Questo almeno è lo spunto che ha portato Wilma Labate a tentare lo strano mélange. Ma Jana non è una persona qualunque, infatti partita con il ruolo apparentemente più difficile mano a mano fagocita lo schermo e non meno le personalità poco incisive dei suoi interlocutori. Che si dimostrano impreparati ad accettare gli aspetti meno convenzionali della vita altrui.
Il fatto è che Jana ha una incredibile capacità di mettere gli altri a confronto con i propri fantasmi, un’attitudine affinata in anni di lavoro a contatto con le debolezze degli uomini, intesi in questo caso come genere maschile. Non che con le donne si trovi in difficoltà, anzi. Alle prese di posizione moralistiche delle artiste in erba risponde con pari efficacia e determinazione, mettendone in luce limiti e scarsa sensibilità. Una figura straordinaria, che inevitabilmente mette in ombra il resto della compagnia.

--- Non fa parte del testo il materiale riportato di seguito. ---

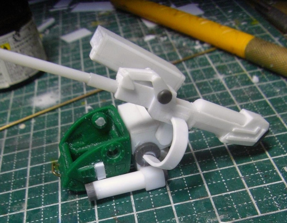 一応元は中折れ式(「フォールディング」ガンですもんね)と言う事もあり、真ん中には展開用のアーム(無論固定している)があるのですが、今回これを作るのだけが一番面倒でした・・・(笑)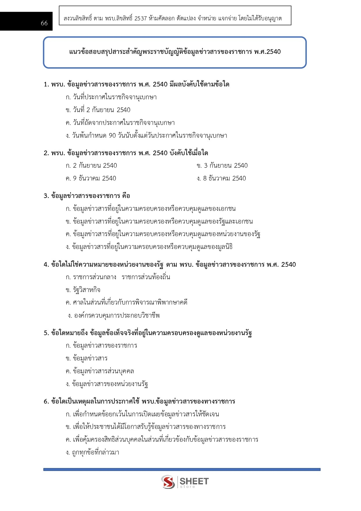 – แนวข้อสอบพระราชบัญญัติข้อมูลข่าวสารของราชการ พ.ศ. 2540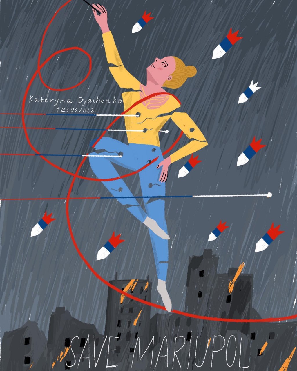 Η Ουκρανή δημιουργός επιχείρησε να αποτυπώσει τη φρίκη στη Μαριούπολη, την εκκένωση των πόλεων λόγω των βομβαρδισμών, τους θανάτους των παιδιών και τις προσευχές που κάνουν οι κάτοικοι της χώρας, πολλοί από τους οποίους έγιναν πρόσφυγες, για να σταματήσει η τραγωδία.

Difficile stabilire se la regista abbia avuto ben chiaro quale sarebbe stato il finale dell’incontro/scontro, però abilmente si adegua alle circostanze. Il risultato dell’indagare finisce infatti per essere, oltre che l’incredibile ritratto di un’indomita, l’analisi puntuale delle ambizioni artistiche e intellettuali di tanti giovani impreparati ad affrontare la vita vera. Un lavoro risolto a base di verità mostrate e parimenti di non detti, come in una seduta di psicoanalisi. E il riferimento è più che mai appropriato in quanto l’occhio della regista scava nell’anima restituendo turbamenti che non lasciano insensibili. (Angela Prudenzi, Cinematografo.it)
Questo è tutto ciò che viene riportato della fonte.